• _WHAT THE TASK ASKS_:
From the listing below, extract each entry exactly as written, minus the images.

..............................

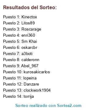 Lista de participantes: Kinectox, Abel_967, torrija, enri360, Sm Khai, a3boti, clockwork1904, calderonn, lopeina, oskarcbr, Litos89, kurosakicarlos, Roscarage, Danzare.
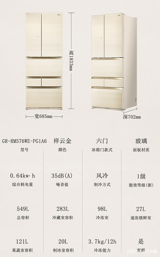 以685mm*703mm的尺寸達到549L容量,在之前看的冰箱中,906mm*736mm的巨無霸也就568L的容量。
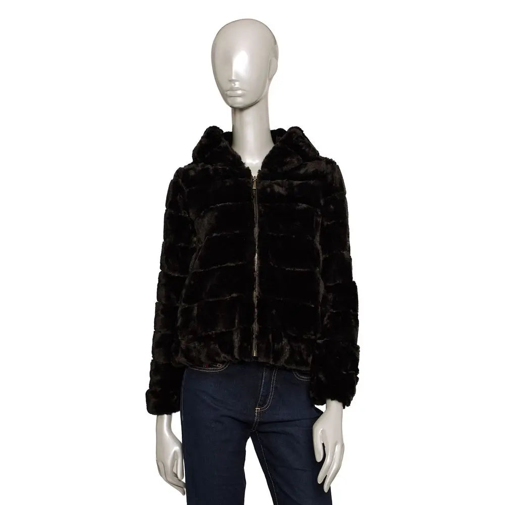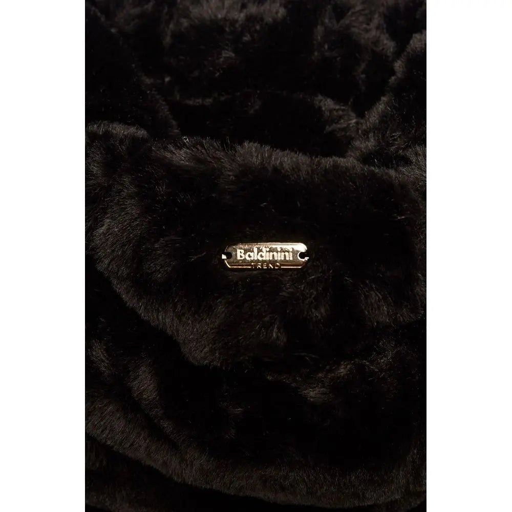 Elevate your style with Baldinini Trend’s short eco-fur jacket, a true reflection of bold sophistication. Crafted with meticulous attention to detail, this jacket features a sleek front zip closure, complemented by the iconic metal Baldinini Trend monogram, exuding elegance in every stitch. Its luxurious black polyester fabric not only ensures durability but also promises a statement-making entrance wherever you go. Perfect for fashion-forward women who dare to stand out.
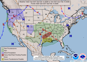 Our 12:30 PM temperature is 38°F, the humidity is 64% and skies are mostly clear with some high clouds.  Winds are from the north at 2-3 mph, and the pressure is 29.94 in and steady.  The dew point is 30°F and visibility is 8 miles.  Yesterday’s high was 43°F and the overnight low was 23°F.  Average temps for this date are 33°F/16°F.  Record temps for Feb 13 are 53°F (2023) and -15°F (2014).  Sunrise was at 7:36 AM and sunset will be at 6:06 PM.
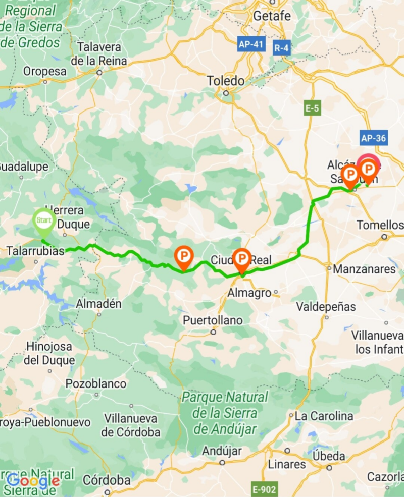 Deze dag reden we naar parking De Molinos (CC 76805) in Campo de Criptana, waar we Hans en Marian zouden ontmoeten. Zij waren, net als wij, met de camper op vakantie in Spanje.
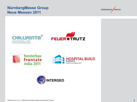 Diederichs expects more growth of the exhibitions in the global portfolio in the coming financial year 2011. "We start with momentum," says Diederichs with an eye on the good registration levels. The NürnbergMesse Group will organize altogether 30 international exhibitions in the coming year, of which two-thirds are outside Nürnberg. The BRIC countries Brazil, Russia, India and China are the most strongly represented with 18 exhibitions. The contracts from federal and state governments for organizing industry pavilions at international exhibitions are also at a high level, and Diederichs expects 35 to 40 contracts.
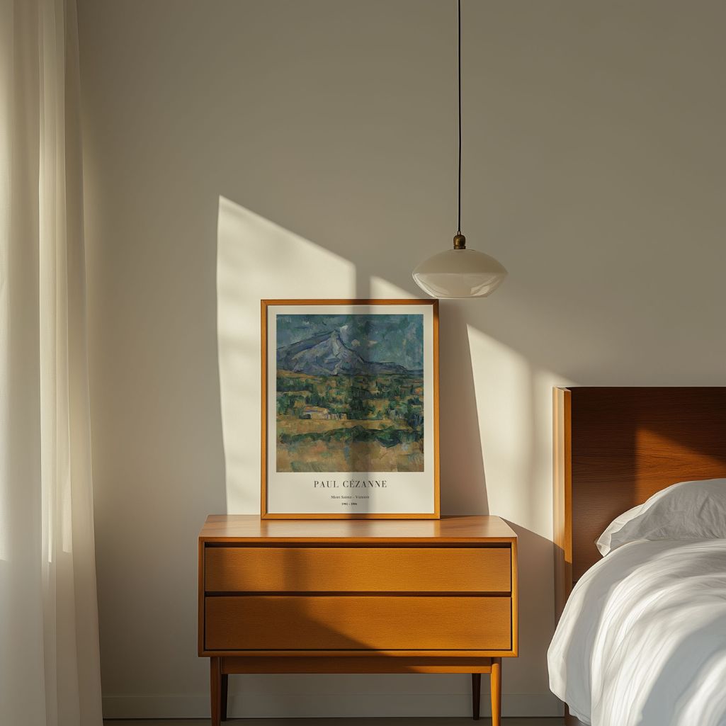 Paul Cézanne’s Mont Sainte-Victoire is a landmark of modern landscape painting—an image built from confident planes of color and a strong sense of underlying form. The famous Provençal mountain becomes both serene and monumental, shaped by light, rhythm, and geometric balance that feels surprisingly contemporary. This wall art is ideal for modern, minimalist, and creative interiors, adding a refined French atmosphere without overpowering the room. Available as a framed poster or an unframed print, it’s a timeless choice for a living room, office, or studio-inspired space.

..............................

• _REPLY TO THE TASK_:
 Lista de participantes: Kinectox, Abel_967, torrija, enri360, Sm Khai, a3boti, clockwork1904, calderonn, lopeina, oskarcbr, Litos89, kurosakicarlos, Roscarage, Danzare.
 以685mm*703mm的尺寸達到549L容量,在之前看的冰箱中,906mm*736mm的巨無霸也就568L的容量。
 Elevate your style with Baldinini Trend’s short eco-fur jacket, a true reflection of bold sophistication. Crafted with meticulous attention to detail, this jacket features a sleek front zip closure, complemented by the iconic metal Baldinini Trend monogram, exuding elegance in every stitch. Its luxurious black polyester fabric not only ensures durability but also promises a statement-making entrance wherever you go. Perfect for fashion-forward women who dare to stand out.
 Our 12:30 PM temperature is 38°F, the humidity is 64% and skies are mostly clear with some high clouds.  Winds are from the north at 2-3 mph, and the pressure is 29.94 in and steady.  The dew point is 30°F and visibility is 8 miles.  Yesterday’s high was 43°F and the overnight low was 23°F.  Average temps for this date are 33°F/16°F.  Record temps for Feb 13 are 53°F (2023) and -15°F (2014).  Sunrise was at 7:36 AM and sunset will be at 6:06 PM.
 Deze dag reden we naar parking De Molinos (CC 76805) in Campo de Criptana, waar we Hans en Marian zouden ontmoeten. Zij waren, net als wij, met de camper op vakantie in Spanje.
 Diederichs expects more growth of the exhibitions in the global portfolio in the coming financial year 2011. "We start with momentum," says Diederichs with an eye on the good registration levels. The NürnbergMesse Group will organize altogether 30 international exhibitions in the coming year, of which two-thirds are outside Nürnberg. The BRIC countries Brazil, Russia, India and China are the most strongly represented with 18 exhibitions. The contracts from federal and state governments for organizing industry pavilions at international exhibitions are also at a high level, and Diederichs expects 35 to 40 contracts.
 Paul Cézanne’s Mont Sainte-Victoire is a landmark of modern landscape painting—an image built from confident planes of color and a strong sense of underlying form. The famous Provençal mountain becomes both serene and monumental, shaped by light, rhythm, and geometric balance that feels surprisingly contemporary. This wall art is ideal for modern, minimalist, and creative interiors, adding a refined French atmosphere without overpowering the room. Available as a framed poster or an unframed print, it’s a timeless choice for a living room, office, or studio-inspired space.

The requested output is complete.